Your task
Starting at the line below that contains "八尋優華さんの総運は49画の2点!" and ending at the line that contains "Disposer perles de", retype each line exactly as it stands, but omit the pictures.

Task material
-------------------------
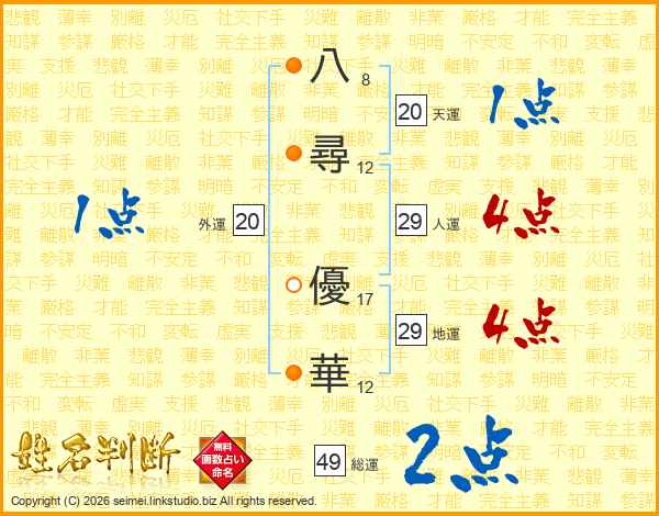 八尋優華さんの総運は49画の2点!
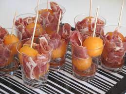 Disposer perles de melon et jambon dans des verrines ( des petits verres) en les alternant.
-------------------------
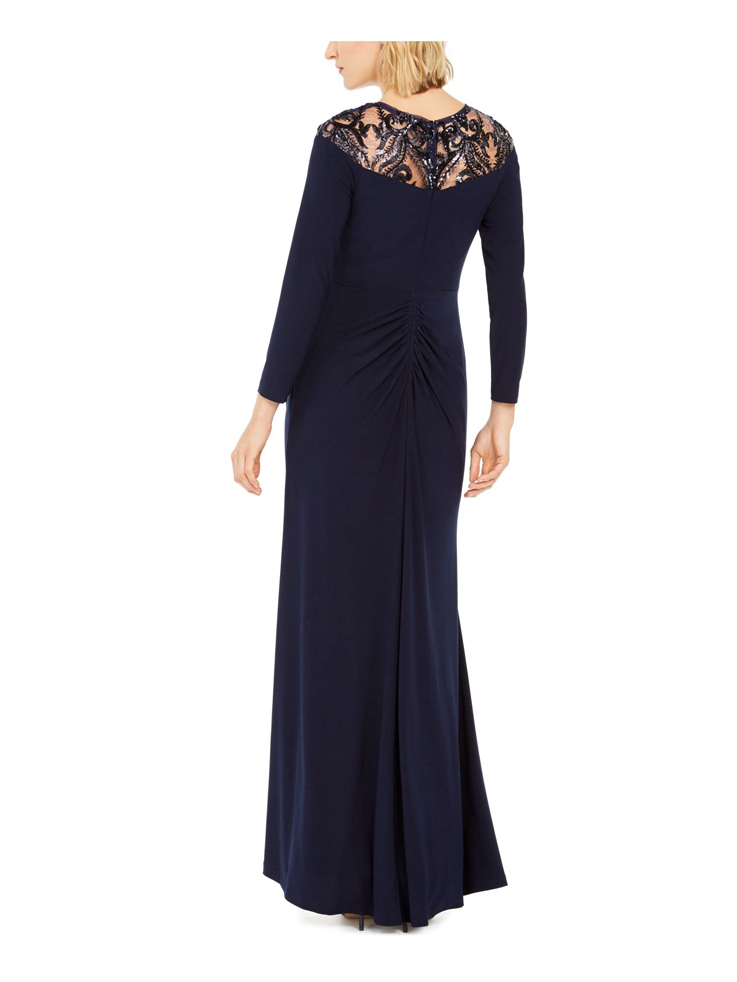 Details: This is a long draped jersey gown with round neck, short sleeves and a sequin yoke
-------------------------
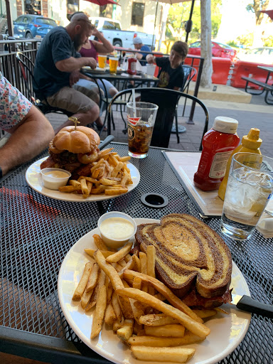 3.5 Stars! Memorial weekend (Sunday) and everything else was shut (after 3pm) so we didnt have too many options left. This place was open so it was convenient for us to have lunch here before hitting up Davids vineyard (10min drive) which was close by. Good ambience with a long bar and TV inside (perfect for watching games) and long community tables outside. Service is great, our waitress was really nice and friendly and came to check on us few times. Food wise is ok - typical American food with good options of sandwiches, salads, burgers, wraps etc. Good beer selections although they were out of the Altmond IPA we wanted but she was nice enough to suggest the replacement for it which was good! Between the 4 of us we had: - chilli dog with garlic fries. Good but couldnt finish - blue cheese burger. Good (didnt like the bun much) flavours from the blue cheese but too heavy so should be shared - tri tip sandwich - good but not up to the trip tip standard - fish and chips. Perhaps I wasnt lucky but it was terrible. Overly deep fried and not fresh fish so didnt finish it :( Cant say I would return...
-------------------------
Output for this task
 八尋優華さんの総運は49画の2点!
 Disposer perles de melon et jambon dans des verrines ( des petits verres) en les alternant.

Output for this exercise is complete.